Single by Mary J. Blige

from the album Growing Pains
- Released: December 18, 2007
- Length: 3:27
- Label: Geffen
- Songwriters: Mary J. Blige; Theron Feemster; Sean Garrett;
- Producers: Neff-U; Sean Garrett;

Mary J. Blige singles chronology
| "Just Fine" (2007) | "Work That" (2007) | "Stay Down" (2008) |

= Work That (Mary J. Blige song) =

"Work That" is a song by American singer Mary J. Blige. It was written by Blige, Sean Garrett, and Theron "Neff-U" Feemster for her eighth studio album, Growing Pains (2007), while production was overseen by the latter, with Garrett also credited as a co-producer. A self-love promoting rap pop track, which draw from Blige's own journey to towards self-acceptance, "Work That" has the singer stressing to young women everywhere to embrace their individuality and love who they are.

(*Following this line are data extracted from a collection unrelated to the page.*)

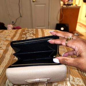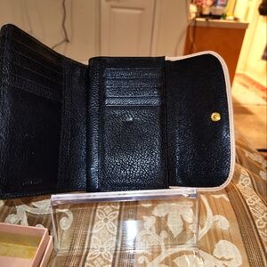 Elegant Miu Miu women's wallet in a sophisticated black and cream color combination. Perfect for adding a touch of luxury to any outfit. Only call-out is wear around the clasp (see pics). Comes in box with paperwork intact.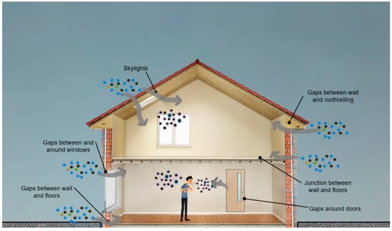 Pollutants can also enter buildings through envelope cracks, gaps around fenestrations and other building faults (see Figure 8), apart from the above-listed modes, which are not intentionally designed for this. Factors such as the air exchange rate, pressure gradient across the building fabric, size of the particle and crack geometry strongly determine the penetration of particles [,] and can be significant for buildings with poor sealing []. A study by de Blas et al. [] showed that I/O ratios inside a test room, which was sealed with no windows or fresh air supply, had an I/O ratio close to one for outdoor source pollutants, whereas the pollutants which were known to be produced within the same building showed a ratio greater than one. The study, however, did not conduct a detailed transformation and accumulation analysis of the pollutants.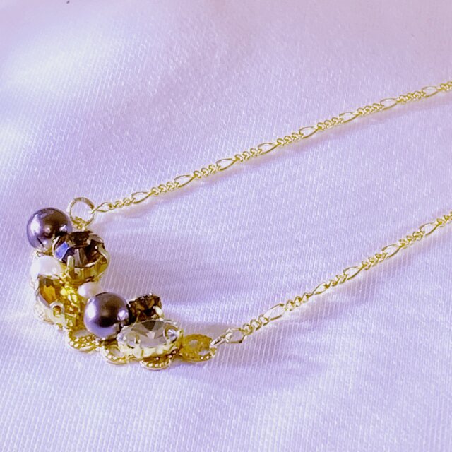 三日月の透かしパーツに華やかなパールとガラスストーンを付けて豪華に仕上げました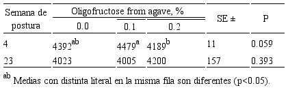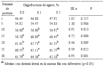 Postura y peso del huevo. Los grupos adicionados con dos niveles de OFA, mostraron un incremento en el porcentaje de postura, así como el peso del huevo con respecto al grupo testigo. Estos resultados concuerdan con los informes de Chen et al (19), quien determinó que la adición de oligofructosa al 1,0% e inulina al 1.0% a las dietas durante 4 semanas aumentaron (p<0.05) la producción de huevo en un 13.35% y 10.30%, respectivamente en comparación con el grupo de control. Asimismo, Chen et al (19) observaron un aumento en el peso del huevo acumulado después de la adición de oligofructosa (1ª semana, 7.93; en general, 12.50%). En estudios realizados en Corea se encontraron diferencias al comparar el porcentaje de postura de grupos adicionados con distintos niveles de inclusión de inulina, siendo mejores aquellos grupos con mayor cantidad de inclusión (8). Otros estudios han demostrado que al adicionar oligosacáridos a la alimentación de gallinas ponedoras, se incrementa el peso de huevo (14).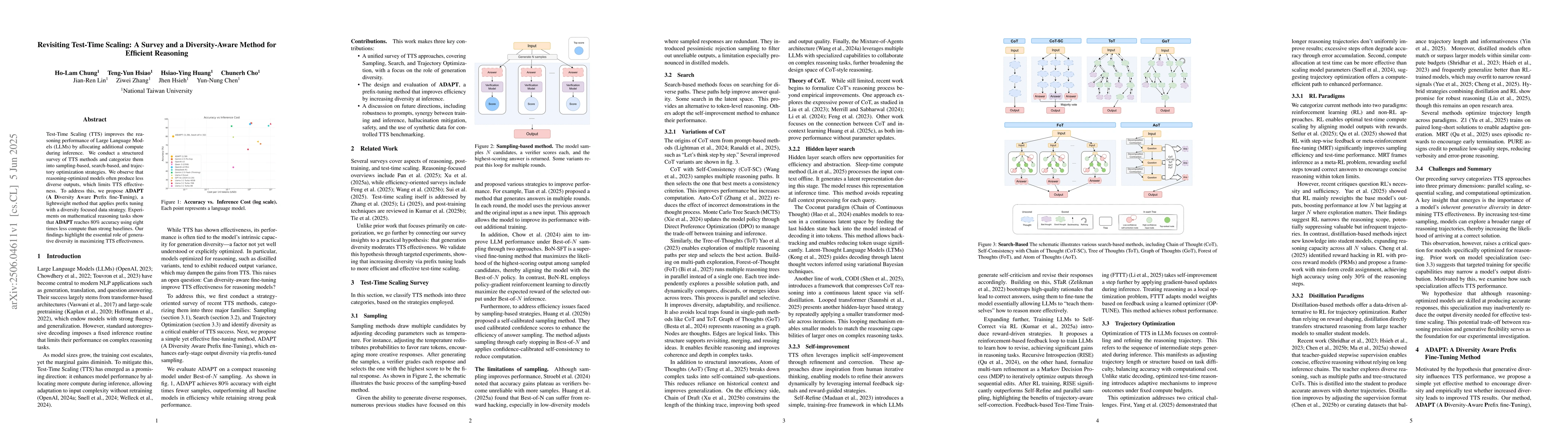 The paper conducts a structured survey of Test-Time Scaling (TTS) methods, categorizing them into sampling-based, search-based, and trajectory optimization strategies. It also proposes ADAPT, a diversity-aware prefix fine-tuning method, and evaluates it on mathematical reasoning tasks.

The song was released by Geffen Records as the album's second single and sent to US urban radio stations on December 18, 2007. A remix featuring rapper Busta Rhymes was also released to radio. The song peaked at number 65 on the US Billboard Hot 100 and became a top 20 hit on the Hot R&B/Hip-Hop Songs chart, reaching number 16. In 2019 and 2020, "Work That" received additional exposure after United States senator Kamala Harris selected it as the campaign song for her presidential campaign.

== Background ==
"Work That" was written by Blige along with Sean Garrett, and Theron "Neff-U" Feemster for her eighth studio album, Growing Pains (2007). Production on the song was overseen by Feemster, while Garrett was credited as a co-producer. On August 7, 2008, it was revealed that Blige was facing a US$2 million federal suit claiming that while Feemster wrote the music for "Work That", it was actually owned by Dream Family Entertainment since Feemster had created the music while he was under contract with the company. The filing claimed that Dream Family never gave rights to use the song to Blige, Feemster or her label Geffen Records.

== Promotion ==
In 2007, "Work That" was featured in an Apple Inc. commercial, promoting both the company's portable media player iPod as well as their media player iTunes. In 2019 and 2020, "Work That" received additional exposure after United States senator Kamala Harris selected it as the campaign song for her presidential campaign. Harris frequently used it as a walkout song, including her victory speech after being elected vice president in the 2020 United States presidential election. Blige commented on the usage of her song: "I was buggin', I was so surprised because people was calling me, I didn't know what the hell was going on [...] It was a song that I wrote from my heart. I didn’t know she was a fan. She didn’t even pick "Just Fine," she picked "Work That" [...] which only the fans know. So, I would say, thank you, Kamala."

== Critical reception ==
"Work That" received mixed to positive reviews from music critics. Brennan Carley, writing for Spin called the song a "factory-made rap-pop track," while Aldin Vaziri San Francisco Chronicle noted that "Work That" was "not just a catchy iPod jingle but an earnest feminist anthem." In a review of Growing Pains, Talia Kraines from BBC Music wrote: "While nothing quite lives up to the dancefloor groove of 2001's "Family Affair", "Work That" shows she's lost none of her empowering emotion when creating a dance beat." In another review of the song's parent album, Peter Hayward from musicOMH noted that "Work That" was "a fine opening track. 'Making the most of what she’s got,' Mary sounds assured and confident stridently empowered song." BET.com wrote of the song: "Another Oprah-style affirmation anthem from Growing Pains, this triumpant song features an updated Mary sound, complete with a G-Unit-esque, piano-driven beat and a surprisingly painless incorporation of Auto-Tune."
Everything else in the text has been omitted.